Last night at 2:30 AM I'm laying in bed next to my husband with my eyes wide open, and this memory came flooding back:   I was between 17 and 19, and we were driving on the FM 1097 bridge over Lake Conroe in Texas.  He was telling me about how he had struggled with picking a job.  There were two on the table, and both had merit.  He couldn't choose which was best for his family.  And then he said, "I was passing over this bridge when it hit me.  God didn't care which one I chose.  Either one would be fine."

At the time I thought maybe he was wrong.  After all, we know that God cares very much about every facet of our lives.  But as I lay there in bed, it hit me that God didn't care because either would do the job, and my dad would have been happy with either one.  He just had to pick.  And that's what I needed to do - just pick and move forward.  God can work with whatever decision I made...  I just need to pick something.
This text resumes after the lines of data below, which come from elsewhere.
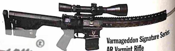
Varmageddon Signature Series AR Varmint Rifle

A look at more great guns and shooting products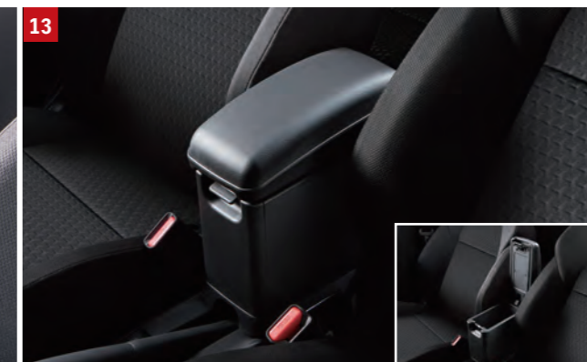
13 | CONSOLE BOX ARMREST With large storage compartment. Part No. 9914G-53R11-000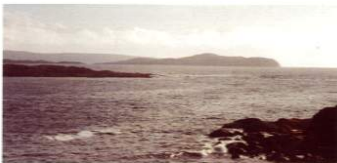
Off the stern ... Cruit, Owey with Arranmore in the distance and Inisfree nearest

short on everything, in particular toothbrushes, clothes and money, but we had to make the best of it.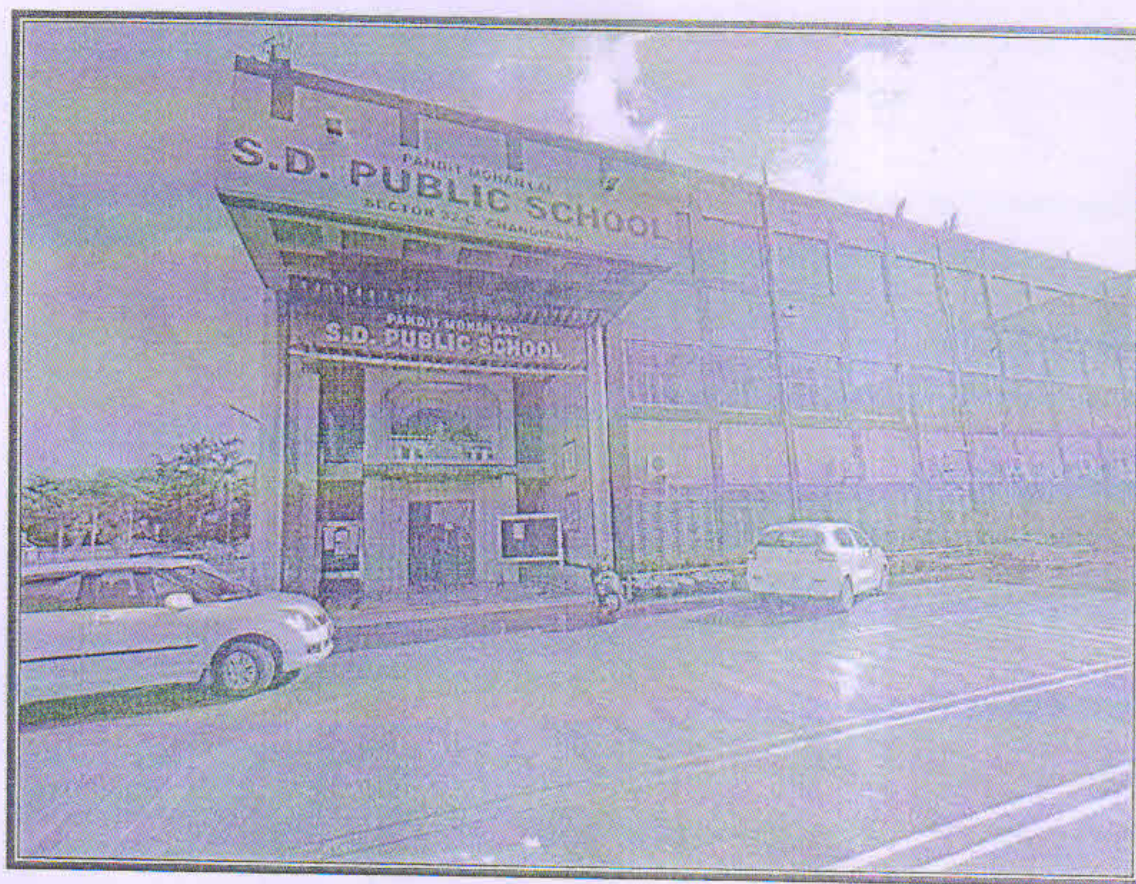
FRONT ELEVATION OF THE BUILDING

[Signature] Principal Pandit Mohan Lal Sardar Dharma Public School Sector 32-C, Chandigarh-160030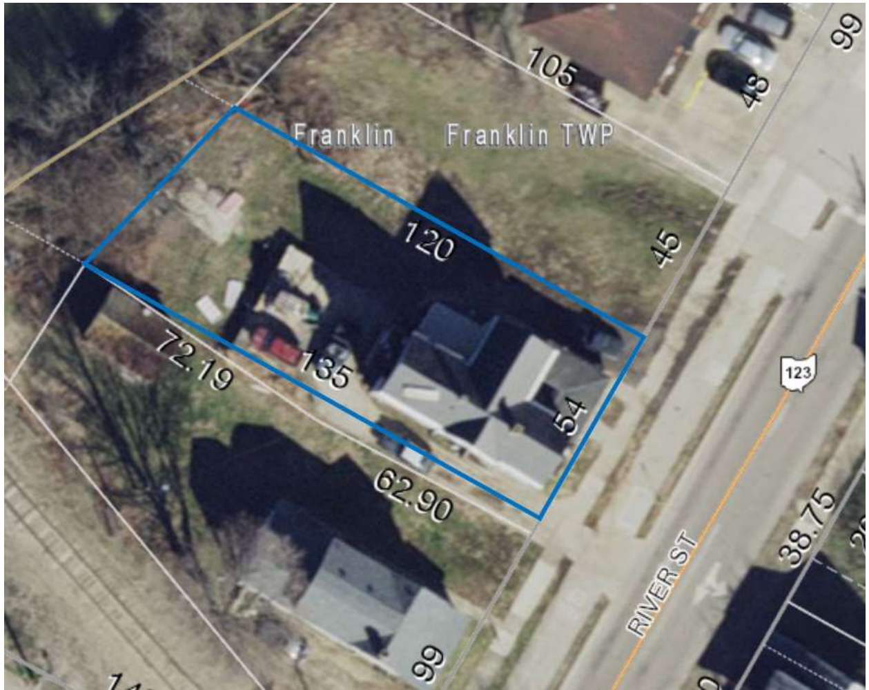
EXHIBIT A (Depiction of Property)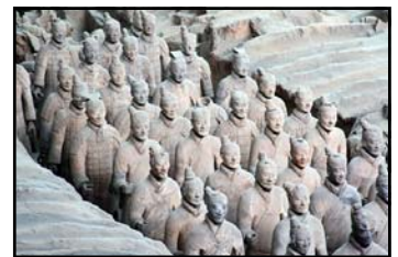
The Terracotta Warriors in Xi'an.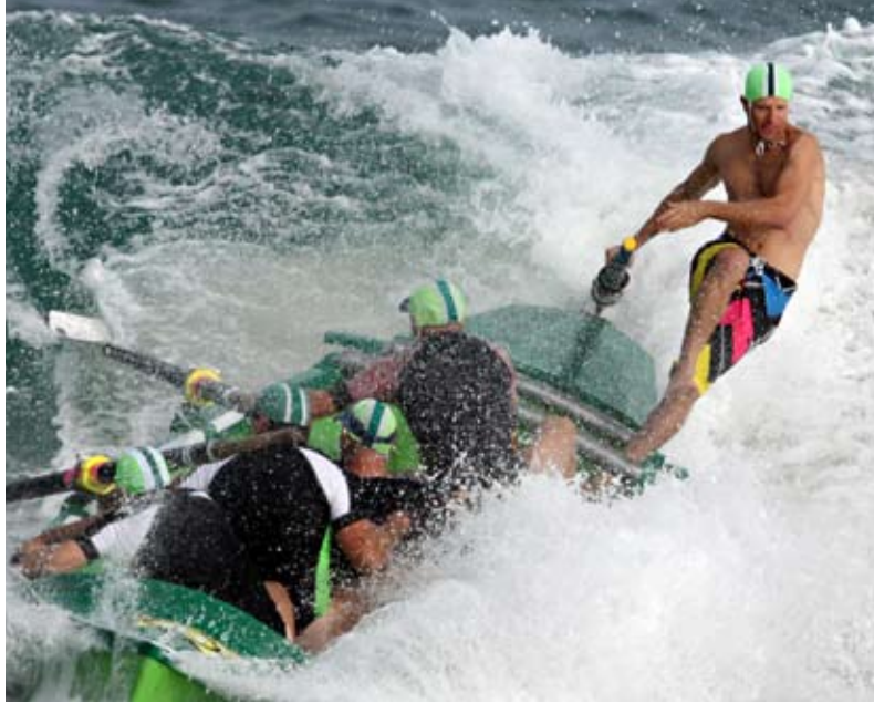
Stepping out ... Sorrento get into trouble in a Masters boat race.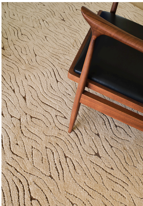
Climate Collection : Namib

Noble materials and craftsmanship - Made from pure virgin wool or an exclusive blend of wool and silk, the rugs in the Climate collection are entirely hand-finished, guaranteeing unrivalled quality and authenticity. Carefully crafted textures offer a soft touch and captivating visual appeal, from light shades for soothing luminosity to more contrasting hues to assert the character of a space.

And then it occured to me how odd that conversation had seemed back then, and how odd it was I would remember it now.  Only not so odd, when you think that God knew my father would die before he could share this with me when I needed it, so the Spirit prompted my dad share it with me then, and the Spirit had opened my mind and heart long enough so that thirty years later when I needed that fatherly advice, I would have it.  The maturity to understand in the moment wasn't needed - it was there when I was ready for it.

Take heart, and keep sharing with your kids - they're listening, and someday, maybe when we're gone, they'll be grateful with new understanding.  ♥  Grateful to both my Heavenly Father and my earthly father for pulling me out of this one.